Thursday, September 18, 2003  permanent URL for this entry

So the weather didn't interfere, and I had lunch with Vernor Vinge. The guy himself! In person and everything! And I'm going to describe it all in excruciating detail!

See we're having this "Innovation Days" thing at the Lab, and one of the events was that Vernor Vinge was going to come and give a talk. That sounded cool, and I thought I'd go. There was lots of other stuff going on too, but we have deadlines around here and all, and so I wasn't paying great attention to it.

I'd noticed that there was a contest where you could send in a SF story you'd written, or part of one, and it had to be under a thousand words. I took one of the stories in my "become rich and famous with these someday" pile and tried to cut it to a thousand words, or pick a thousand word subset that would make some sense, but I couldn't (it's already an awfully tight story).

So I thought no more about it, but it came up at lunch one day, and Bill (I think it was Bill) said (tongue I think in cheek) that I should submit one of the microstories from the weblog here. So (since that was real easy) I went to the intranet web page after lunch that day and submitted the story at the top of this entry (I actually like this one even better, but it's so short that I feared the judges wouldn't take it seriously). And then I thought no more about it.

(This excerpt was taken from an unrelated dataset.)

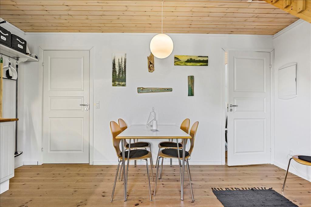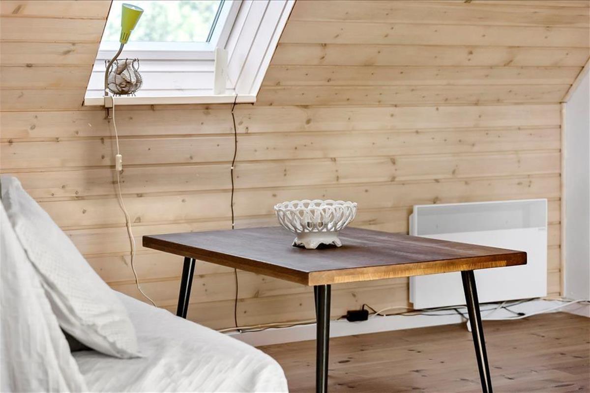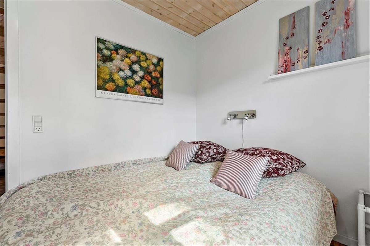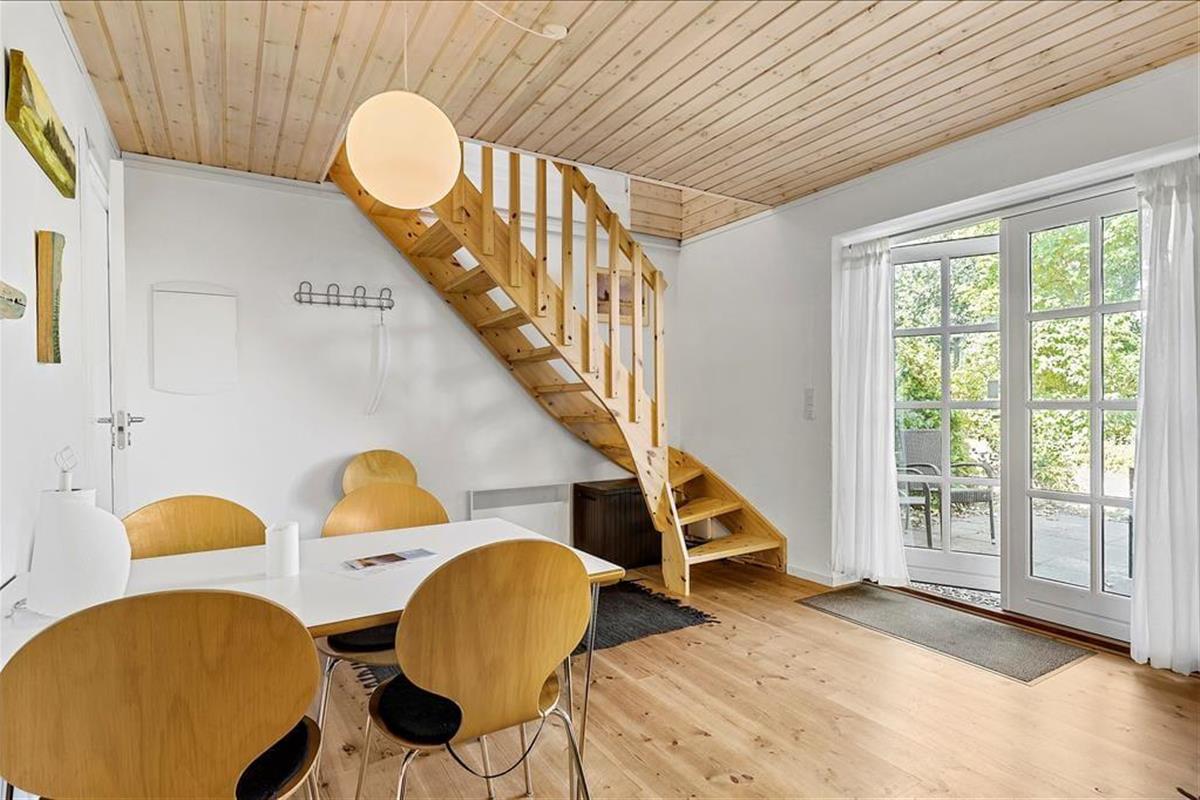 Lejligheden som ligger ved siden af 4 andre ferielejligheder: Den er i 2 plan. I stueetagen er der køkken/alrum, badeværelse, soveværelse med dobbeltseng, samt udgang til terrasse. Køkkenet indeholder køleskab, indbygget ovn og to kogeplader. På 1. sal er der hyggekrog med sofa og kurvestole, tv og to enkeltsenge (soveafdeling kan skilles fra med lamelgardin). Fra vinduet på 1 sal er der en skøn udsigt til vandet. Der er de danske DR TV-kanaler til rådighed. Lejligheden opvarmes med varmepumpe og elvarme.

Then the other day I get an email saying that I'm one of the winners (I figure that they probably got few enough entries that everybody was one of the winners), and I get to have lunch with Vernor Vinge after his talk. This is cool! I take a closer look at the intranet site, and see that there's also going to be an SF reading after lunch, and people are invited to bring in a passage from their favorite (published) SF book or story to read aloud. It's supposed to be somehow related to Innovation.

That night I rustle around in the library. Nothing really pithy and innovationy springs out from "The Skylark of Space" or various Heinlein short stories. I decide that this here passage from near the end of Greg Bear's "Blood Music" might do.

So this morning I go up to the auditorium and sit up near the front ('cause I'm a geek), and listen to Vernor Vinge talk. It's a good talk, nothing radically new or amazingly different; if you've read his Singularity stuff, this was mild in comparison. He talked about the near future, about smart dust and ubiquitous computation, about how connected humans are the richest resource we have, about how that resource may come to be much better utilized in the coming years, and how that may change things significantly.

He's been a professor for a long time, and he's good at talking to people and to auditoriums full of people and all, and that was nice. (Some of the geniuses that we have come and talk at the lab can barely complete an intelligible sentence from behind a podium.)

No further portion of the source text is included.